First I was all caught up in her being from Canada and how that's 2 people in as many days from Canada that at least one person I know has found to be useful.

Then I thought, well, okay, I'll bite, I'll follow that link, turn on my ITunes and find out who this Julie Doiron chick is, because, yes, again, I've never heard of her.

So I did.

If this isn't a soundtrack for the coffeehouse/bookstore in my mind I don't know what is.

I'll tell you something else, about this recent reverie of images urban, every time I've seen a cityscape at night in the past month or so, on tv or in a photograph, any image of a window looking out over city lights, I've been compelled. I think about it for days afterward and wrap fantasies all around the things going on in a room with that view.

I extrapolate out to the lights below, the stories of the windows visable from the initial window.

I create an entire city full of fictions, all in rapid seconds of neurodowntime. All without realizing I'm doing it, or inviting it to continue. It's infrequent that I catch myself doing it but when I do I realize that it's been on autoprocess while I'm doing something else, like counting green crabs or aruging the merits of obtaining a new lobster boat.

Add all of this to my recent onslaught of pretend gay boyfriends and I believe we have what amounts to my subconsious telling me that we've lived the quiet suburban life long enough and it's time to get a little city in our swing.

Maybe the gay boyfriend part doesn't add in as neatly for you as it does for me. If it doesn't you've never been a fag hag in Massachusetts.

I say in Massachusetts because I've only ever been a hag here. I have no idea what it would be like in say, Wisconsin.

Here though, when I was doing daily "fabulous female companion to the queer nation" duty we would hang out close to home only when completely necessary. (Meaning when we had to you know, work) Most of our time though was spent running around Boston. Club Cafe for brunches and then it depended on the night and whether we were looking to hook my boy up or just get drunk.

I loved Luxor. It was such a tiny little video bar with the kind of seats you could just sink into. The crowd was slightly older and the bartender was a darling hot boy who was in deep lust with my boy but whom I warned to stay away from him. Bar boy was sweet and romantic and would have been crushed by the nameless sexploits of my boy.

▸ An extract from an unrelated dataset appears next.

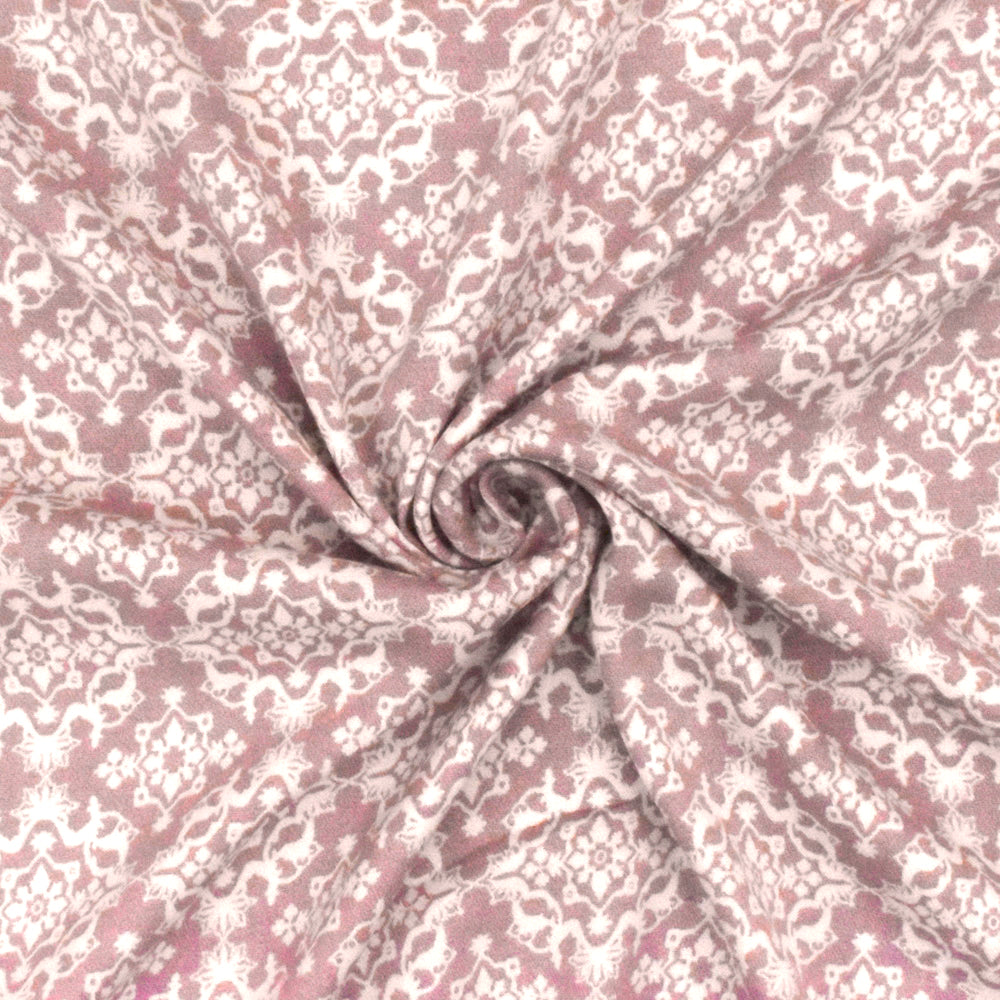 Dusty Pink-Ivory Moroccan Printed Stretch Rayon Momie Woven Fabric
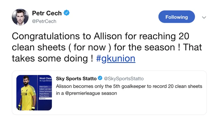 Chelsea Hero Cech Points Out Clean Sheet Record After Pl Praise Alisson All Football

I only ever drank beer at Luxor. It was my "sobering up before we head home" bar. (Mind you I was never driving. That was the boy's job, my job was to drive home with my head in his lap, watching the city lights disappear into suburban trees as we sang the exact same Annie Lennox song over and over).

I loved Quest too. Quest is gone now. Well, I say gone. It's straight now, which will completely ruin a good club.

Quest had the best bouncers. One was this fierce black drag queen who I worshipped and the other was this 4'10" rock hard, bald, angel who pulled my ass outta a bunch of scrapes I had no business starting.

I loved sitting on the rooftop at Quest, drinking, smoking and holding court. I was almost always the only straight girl in the place and I ALWAYS had a circle of fabulous boys draped around me, held captive by every glimmering word that would drip from my slick and shiny lips.

I put on makeup yesterday for the first time in a year. I know it was a year because the last time I put on makeup was for Boobs2's wedding.

Before that I couldn't begin to guess when the last time was.

Back in the day though I was arched, brushed, glossed and curled to perfection every time we ventured out.

I hadn't missed it at all until now.